DIRECTIONS | While copying the entries exactly, leave out each picture they contain.

(Collection entries)
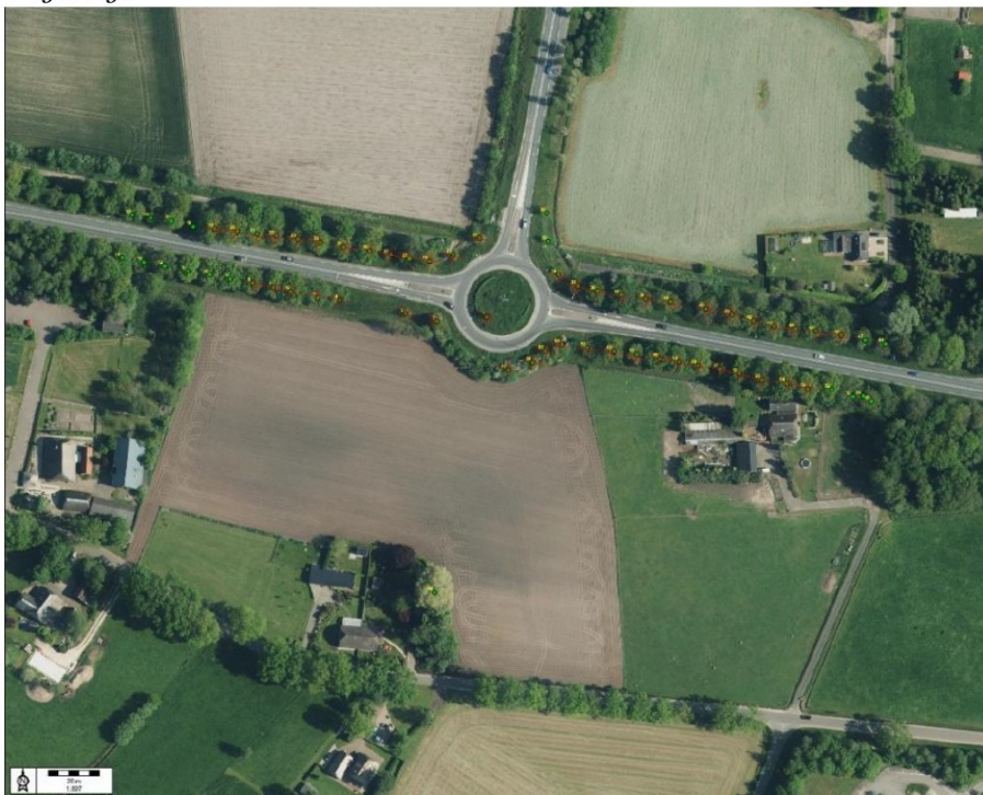
Figuur 2: Luchtfoto van het plangebied met de bomen gemarkeerd die gekapt gaan worden.
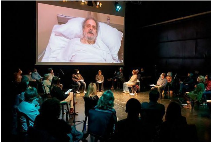
Figura 4. Lectura dramatitzada “Només morim una vegada, reflexions (en companyia) sobre la mort i la vida”.
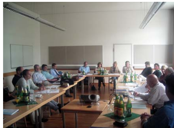
Abb. 1: Erste WIGMU Tagung Bad Aussee 2005
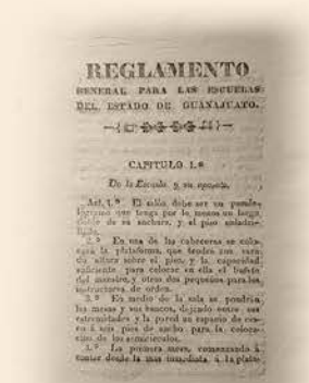
Reglamento General para las Escuelas del Estado de Guanajuato. 20 de agosto de 1831
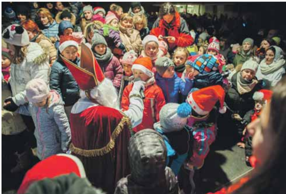
Každé dieťa sa chcelo osobne stretnúť s Mikulášom
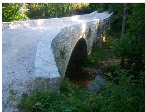
Puente sobre el río Cabra

No obstante, como según la información que tengo esta etapa transcurre muchos km por la carretera, hay que aprovechar estos momentos. Cruzo el río Cabra por un puente que parece recientemente reformado y al poco rato, dejo pasar a un ciclista, no es peregrino, es de los que hacen travesías por el monte. El camino se estrecha un poco y se acerca a la carretera, tanto que en una flecha amarilla poco marcada, te indica salir a la cuneta, no le doy importancia y sigo por el camino en un ligero ascenso.
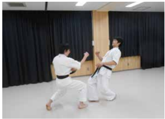
○着地と同時に突きを決める
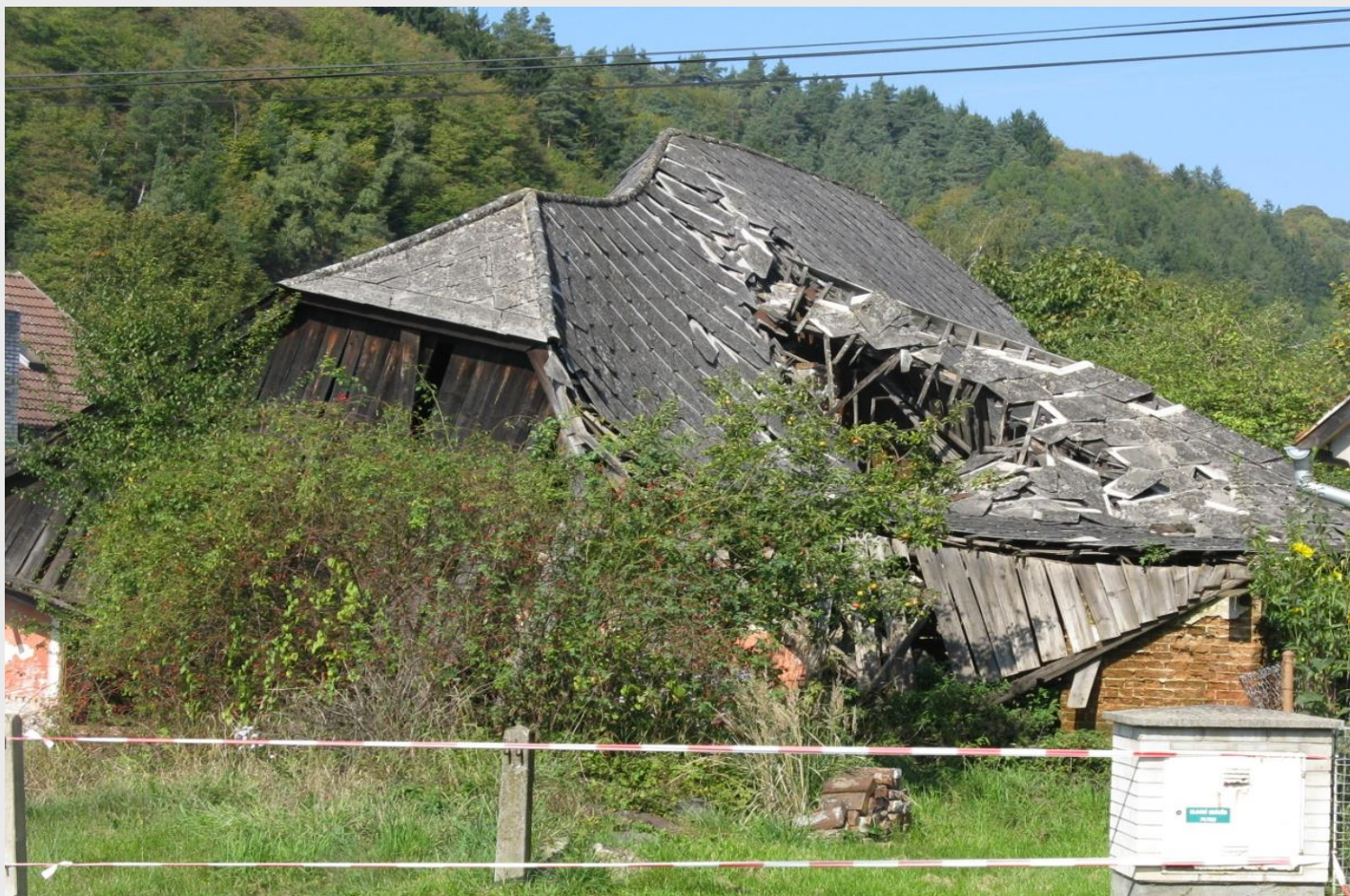
„Bezúdržbová stavba“ Pod Vírskou přehradou
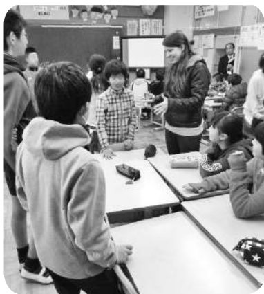
元気づく英語の授業(長岡北小)

答 課題は専門性と指導力向上で、ALTや専門教員の配置を考えていきたい。また、コミュニケーション能力の育成に努めたい。英語のOB教員の活用は費用面で難しい。文科科学省の英語特区については検討に値する。
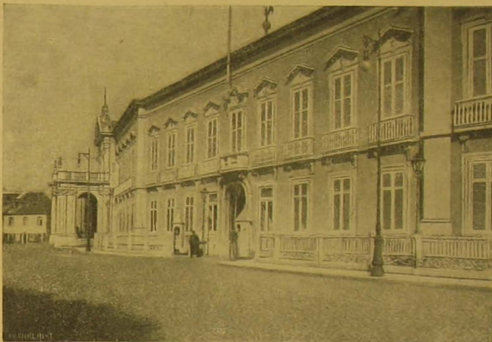
A Necessidades királyi palota, a hova indultában a királyt megölték.
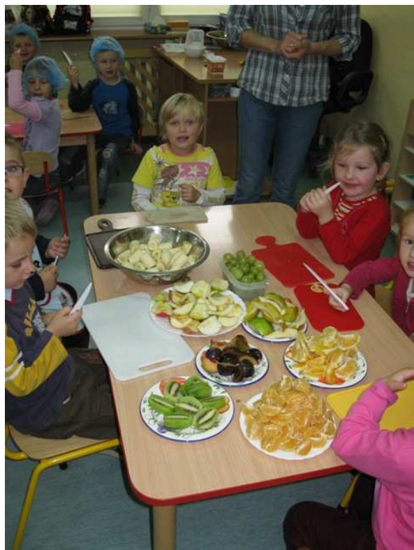
Nasze owocki w całości.
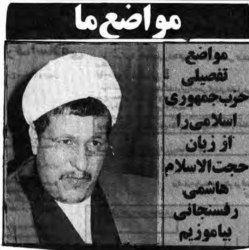
مواضع ما مواضع تفصیلی حزب جمهوری اسلامی را از زبان حجت الاسلام هاشمی رفسنجانی بیاموزیم

اینها در برزخ است این عذاب خدا چیست که نازل میشود بر آنها؟ آتش است که
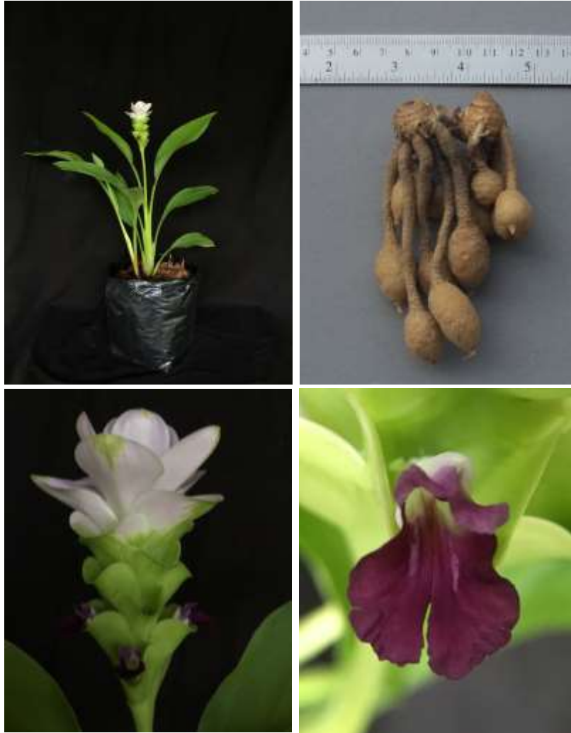
ปทุมมาพันธุ์เซียงรายซีเอฟ 52
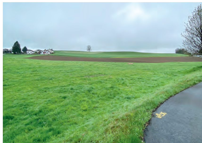
Grossprojekt Bifang Park kurz vor Baustart: In drei Wochen wird hier zum Spaten gegriffen.

Auch städtebaulich wird der Bifang Park das Gebiet prägen. Der neue Bau ist so konzipiert, dass er sich in die Topografie und den bestehenden Siedlungscharakter einfügt und gleichzeitig einen eigenständigen, zeitgemässen Akzent setzt. Zusam-
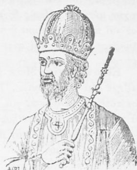
Λέων Γ' ὁ Ἰσαυρος.

Ἐπειὰ ἀπ' αὐτὰ, οἱ Ἄραβες δὲν ξαναενοχλοῦν σημαντικὰ τὸ Βυζάντιο.
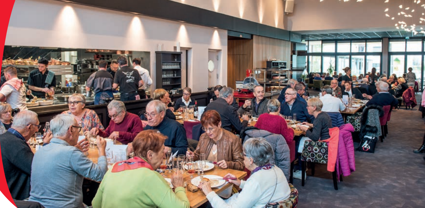
Un moment de partage et de convivialité pour plus de 1 000 seniors lors des Repas des Aînés.
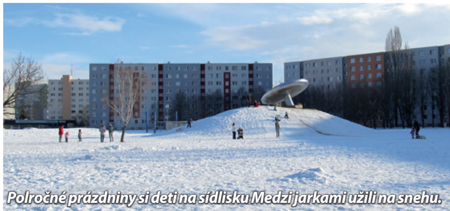
Polročné prázdniny si deti na sídlisku Medzijarkami užili na snehu.
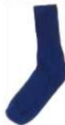
Illustration er indsat af redaktionen, dog ikke for at provokere.

Redaktionen har ikke kunnet identificere afsender, da indlægget er modtaget med snail – mail uden afsender men med poststempel Slagelse.
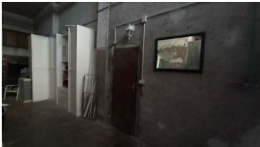
FOTO 28 – DEPOSITO: VISTA INTERNA CON PORTA VERSO ALTRO MAGAZZINO NON OGGETTO DI VENDITA

ANSWER SECTION |
Figuur 2: Luchtfoto van het plangebied met de bomen gemarkeerd die gekapt gaan worden.
Figura 4. Lectura dramatitzada “Només morim una vegada, reflexions (en companyia) sobre la mort i la vida”.
Abb. 1: Erste WIGMU Tagung Bad Aussee 2005
Reglamento General para las Escuelas del Estado de Guanajuato. 20 de agosto de 1831
Každé dieťa sa chcelo osobne stretnúť s Mikulášom
Puente sobre el río Cabra

No obstante, como según la información que tengo esta etapa transcurre muchos km por la carretera, hay que aprovechar estos momentos. Cruzo el río Cabra por un puente que parece recientemente reformado y al poco rato, dejo pasar a un ciclista, no es peregrino, es de los que hacen travesías por el monte. El camino se estrecha un poco y se acerca a la carretera, tanto que en una flecha amarilla poco marcada, te indica salir a la cuneta, no le doy importancia y sigo por el camino en un ligero ascenso.
○着地と同時に突きを決める
„Bezúdržbová stavba“ Pod Vírskou přehradou
元気づく英語の授業(長岡北小)

答 課題は専門性と指導力向上で、ALTや専門教員の配置を考えていきたい。また、コミュニケーション能力の育成に努めたい。英語のOB教員の活用は費用面で難しい。文科科学省の英語特区については検討に値する。
A Necessidades királyi palota, a hova indultában a királyt megölték.
Nasze owocki w całości.
مواضع ما مواضع تفصیلی حزب جمهوری اسلامی را از زبان حجت الاسلام هاشمی رفسنجانی بیاموزیم

اینها در برزخ است این عذاب خدا چیست که نازل میشود بر آنها؟ آتش است که
ปทุมมาพันธุ์เซียงรายซีเอฟ 52
Grossprojekt Bifang Park kurz vor Baustart: In drei Wochen wird hier zum Spaten gegriffen.

Auch städtebaulich wird der Bifang Park das Gebiet prägen. Der neue Bau ist so konzipiert, dass er sich in die Topografie und den bestehenden Siedlungscharakter einfügt und gleichzeitig einen eigenständigen, zeitgemässen Akzent setzt. Zusam-
Λέων Γ' ὁ Ἰσαυρος.

Ἐπειὰ ἀπ' αὐτὰ, οἱ Ἄραβες δὲν ξαναενοχλοῦν σημαντικὰ τὸ Βυζάντιο.
Un moment de partage et de convivialité pour plus de 1 000 seniors lors des Repas des Aînés.
Polročné prázdniny si deti na sídlisku Medzijarkami užili na snehu.
Illustration er indsat af redaktionen, dog ikke for at provokere.

Redaktionen har ikke kunnet identificere afsender, da indlægget er modtaget med snail – mail uden afsender men med poststempel Slagelse.
FOTO 28 – DEPOSITO: VISTA INTERNA CON PORTA VERSO ALTRO MAGAZZINO NON OGGETTO DI VENDITA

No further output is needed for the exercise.